An expert who refers to the implants as to be unusable, because they were not sitting deep enough in the jaw bone and incorrectly positioned. For the more treatment there is for women therefore, the choice between “plague and Cholera”: are the artificial tooth roots in the jaw, must live permanently, with an increased risk of ignition. It lets you remove damaged bone so that new implants (BGH from the 13.09.2018, file number III ZR 294/16).

travel law: Pro-rata compensation for broken cruise

What you may not require, if a trip takes place as planned? After a fancy cruise, a couple from Berlin receives a compensation: Because of the “useless spent vacation days” however, it was not entitled to get the full price will be replaced.

The couple had booked a two week cruise in the Caribbean for 5000 Euro. Three days prior to the beginning of the trip was that on the ship, no cabins reserved. The Couple wanted to have his vacation days go to waste and booked instead a ride through Florida with the car for 890 Euro. From the travel organizer the tourists for the cancelled cruise demanded back the full price of the trip. In addition, they wanted to get the cost for the rental car of the Trip to be refunded.

In the first instance, the LG of Cologne, spoke for the couple, 3700 Euro, a compensation of 73 percent of the travel price. The additional costs for the rental car-travel were rejected. According to the court, the Cologne judges have made the right decision. Only in extreme cases, customers could make higher compensation of up to 100 percent of the claim, for example, if you have missed out on by the failure of a one-time event such as a football world Cup (BGH from the 29.05.2018, file no. X ZR 94/17).

landlord and tenant law: in addition to the cost to living space

settle operating costs and not sometimes ask, because the living area is true. Can a tenant file a complaint therefore, the settlement of the landlord? What is in the case of a rent increase already long case law has made clear, the Supreme court in may 2018 for the billing of ancillary costs: Differs from the actual living area of the in the rental agreement, the landlord has the right and the duty of the operating costs to be settled according to the actual area. This is true for the individual as for the total area.

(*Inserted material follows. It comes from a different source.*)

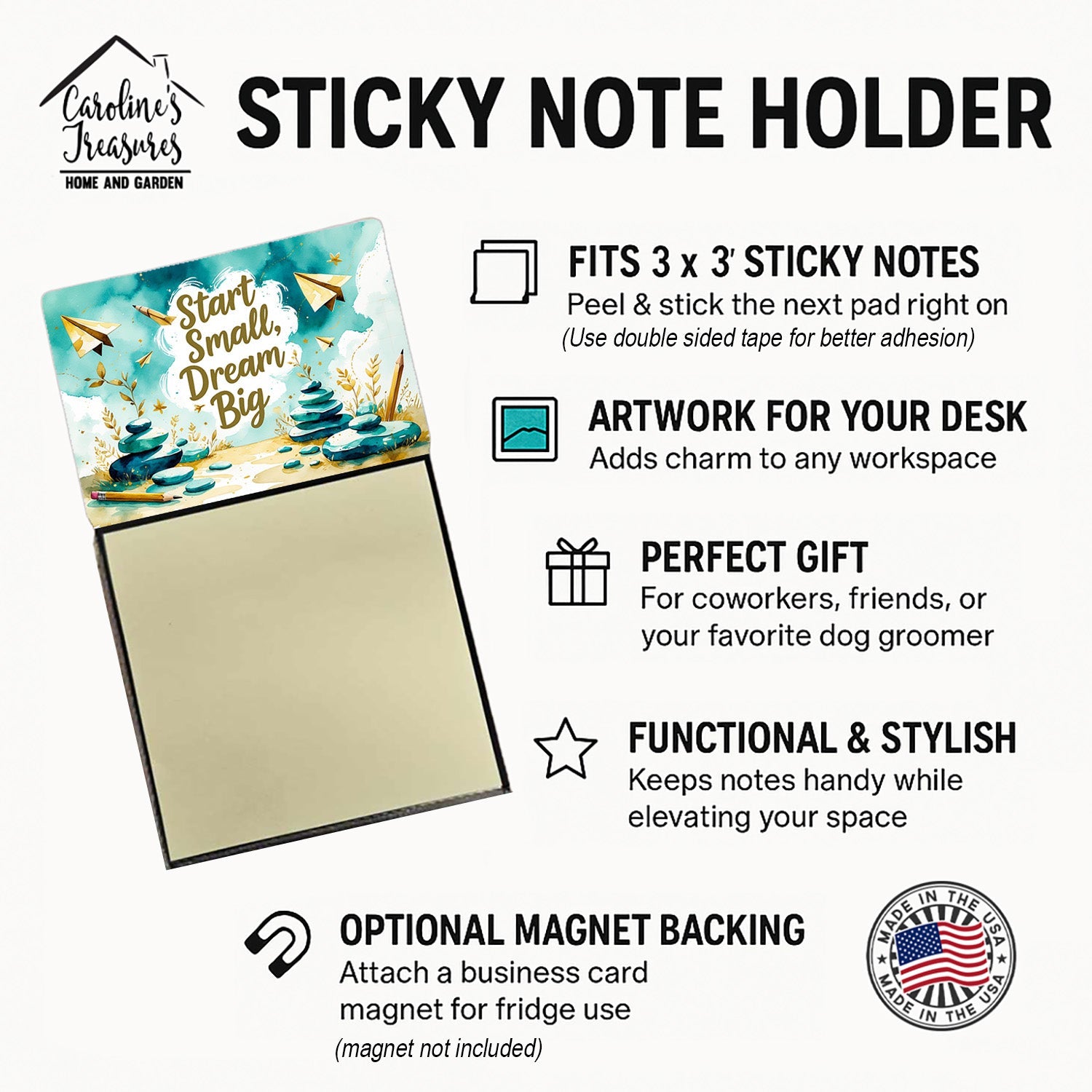 Celebrate the educators who inspire every day with this funny teacher sticky note holder from Caroline’s Treasures. Proudly made in the USA, each design features the phrase Start Small, Dream Big - in bold, colorful artwork that turns an everyday desk accessory into a thoughtful gift. The sturdy base holds 3" x 3" sticky notes securely while you write, and the glossy aluminum art plate adds a durable, fade-resistant finish that lasts. Refilling is easy—just roll a piece of tape around your finger, press it to the back sheet of a new pad, and attach it to the board. Ideal for classrooms, offices, or home desks, these note holders make a meaningful gift for Teacher Appreciation Week, back-to-school, end-of-year celebrations, or simply saying thank you.

In the specific case in the rental contract for an apartment in a multi family house with a living area of 75,59 square meters. The actual area was, however, more than 78 square meters. The landlord is expected, therefore, the consumption-independent part of the Heating costs and the so-called cold operating costs of this larger area.

The Supreme court has supported this bill and previous case law abandoned. Properly, there might be always on the actual size of the rented apartment, stated the judge. It can also be invoked by a tenant, if your living space is smaller than in the tenant contract. “Thus, the old practice is that at the time of rental apartment’s size is decisive, unless it deviates more than ten percent of the actual apartment size,” says Ulrich Ropertz of the German tenants ‘ Association (Federal court of justice of 30. May 2018, Aktenzeichen VIII ZR 220/17).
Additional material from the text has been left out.